Skip to main content

Chapter 2: Vision Systems: Cameras & Depth Sensing

Learning Objectives

After completing this chapter, you will be able to:

  • Understand different camera models and their applications in robotics
  • Perform camera calibration for accurate perception
  • Explain stereo vision principles and depth estimation techniques
  • Work with RGB-D sensors and their data processing
  • Implement traditional and modern computer vision approaches
  • Apply vision-based perception to robotics problems

Camera Models and Representation

Cameras are among the most important sensors for robot perception. Understanding how they work is crucial for effective vision-based systems.

Pinhole Camera Model

The pinhole camera model is the simplest mathematical model of a camera. It describes how a 3D point in the world is projected onto the 2D image plane:

  • 3D point: (X, Y, Z)
  • 2D image point: (u, v)
  • Relationship: u = f * X/Z + cx, v = f * Y/Z + cy

Where:

  • f is the focal length
  • (cx, cy) is the principal point

Distortion Models

Real cameras deviate from the ideal pinhole model due to lens distortion.

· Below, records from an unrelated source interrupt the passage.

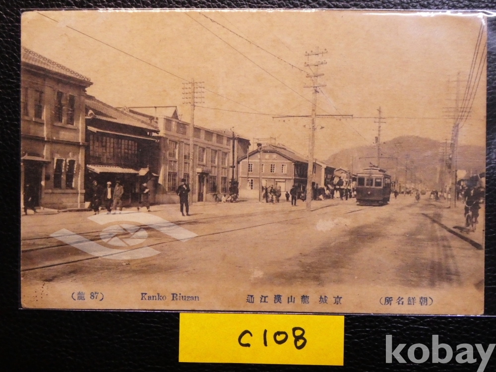 ▣근대한국엽서(진본): 경성, 용산의 한강통 거리 모습, 통행하는 전차, 용산 거리의 옛 모습, 매우 귀함/1매.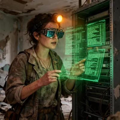 CyberpunkImmersive cyberpunk avatar of a tech explorer with vintage cybernetic glasses, dusty explorer attire, and green screen glow revealing digital archaeology aesthetic.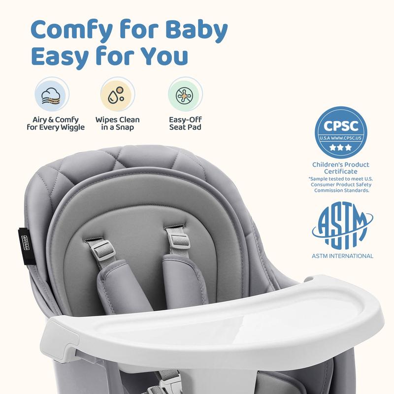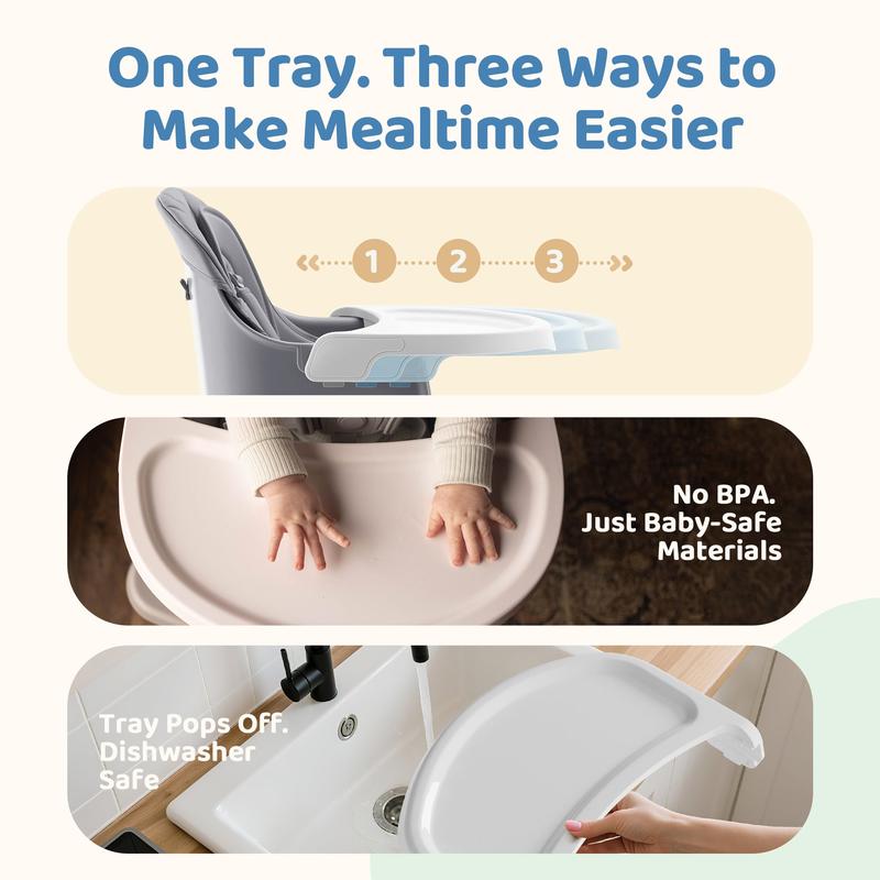 Easy Cleaning: The tray is made from kids-friendly and dishwasher-safe PP material and the PU seat cushion can be cleaned in just a wipe.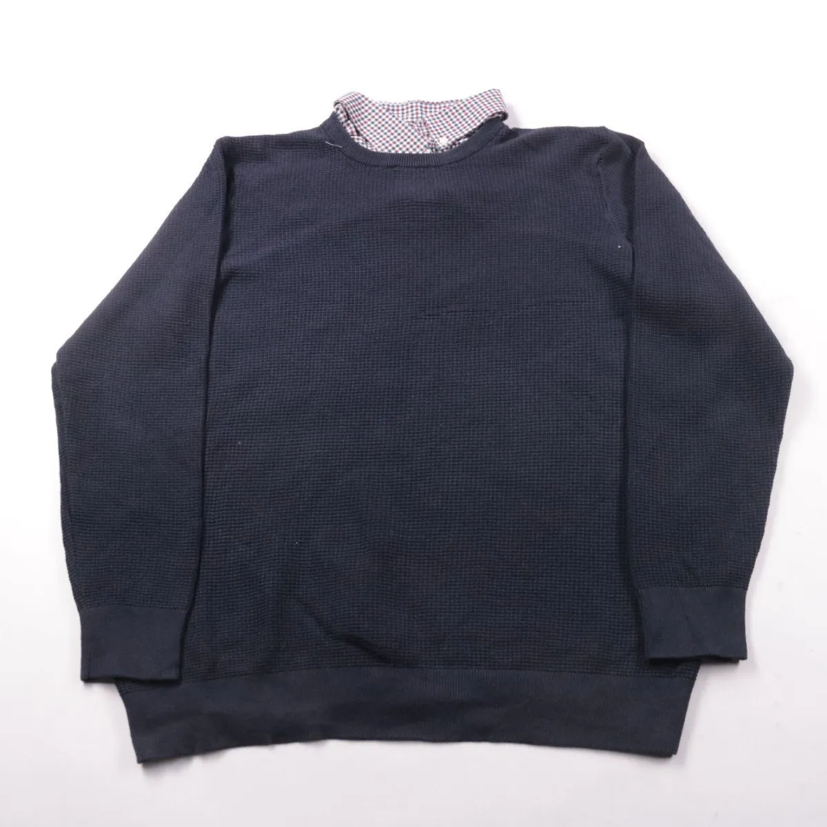 Мужской свитшот F&F тёмно-синего цвета с фактурной тканью и вставкой-воротником в клетку. Подойдёт для повседневной носки и офисного casual, хорошо смотрится с джинсами и чиносами. Практичный за счёт плотного материала и эластичных манжет/низа, держит форму.

Two main types are:

  • Radial distortion: Caused by the curved lens surfaces
  • Tangential distortion: Caused by misalignment of lens elements

Camera Calibration

Camera calibration is the process of determining the intrinsic and extrinsic parameters of a camera.

Intrinsic Parameters

  • Focal length (fx, fy)
  • Principal point (cx, cy)
  • Skew coefficient (s)
  • Distortion coefficients (k1, k2, p1, p2, k3)

Extrinsic Parameters

  • Rotation matrix R (3x3)
  • Translation vector t (3x1)

Calibration Process

  1. Use a calibration pattern (e.g., checkerboard)
  2. Capture multiple images from different viewpoints
  3. Detect calibration pattern corners
  4. Estimate camera parameters using optimization

Stereo Vision and Depth Estimation

Stereo vision uses two or more cameras to estimate depth by triangulation.

Stereo Geometry

  • Baseline: Distance between camera centers
  • Epipolar constraint: Points in one image correspond to lines in the other
  • Disparity: Difference in position of corresponding points

Depth from Disparity

depth = (baseline * focal_length) / disparity

Stereo Matching Challenges

  • Occlusions: Parts visible in one camera but not the other
  • Textureless regions: Areas without distinctive features
  • Specular surfaces: Reflective surfaces that appear differently

RGB-D Sensors

RGB-D sensors provide both color (RGB) and depth (D) information simultaneously.

Common RGB-D Sensors

  • Microsoft Kinect: Uses structured light
  • Intel RealSense: Uses stereo vision or structured light
  • Apple LiDAR: Uses time-of-flight technology

RGB-D Data Processing

  • Registration: Aligning RGB and depth images
  • Point cloud generation: Converting depth images to 3D points
  • Filtering: Removing noise and outliers from depth data

Traditional Computer Vision Approaches

Feature Detection and Description

  • SIFT (Scale-Invariant Feature Transform): Detects and describes local features
  • SURF (Speeded Up Robust Features): Faster alternative to SIFT
  • ORB (Oriented FAST and Rotated BRIEF): Efficient binary descriptor

Image Processing Techniques

  • Edge detection: Canny, Sobel operators
  • Corner detection: Harris corner detector
  • Template matching: Finding patterns in images

Modern Computer Vision Approaches

Deep Learning-Based Methods

  • Object detection: YOLO, R-CNN families
  • Semantic segmentation: U-Net, DeepLab
  • Pose estimation: Estimating object or human poses

Convolutional Neural Networks (CNNs)

  • Feature extraction through convolutional layers
  • Hierarchical feature learning
  • End-to-end training for perception tasks

Practical Exercise

Implement a simple camera calibration using OpenCV:

  1. Print a checkerboard pattern
  2. Capture at least 10 images from different angles
  3. Use OpenCV's calibration functions to estimate camera parameters
  4. Undistort an image using the computed parameters

Integration with ROS 2

In ROS 2, camera data is typically published as:

  • sensor_msgs/Image: Raw image data
  • sensor_msgs/CameraInfo: Camera calibration parameters
  • sensor_msgs/PointCloud2: 3D point cloud data from depth sensors

Summary

Vision systems are crucial for robot perception, providing rich information about the environment. Understanding both traditional and modern approaches allows you to choose the right technique for your application. In the next chapter, we'll explore how to combine multiple sensors for robust perception.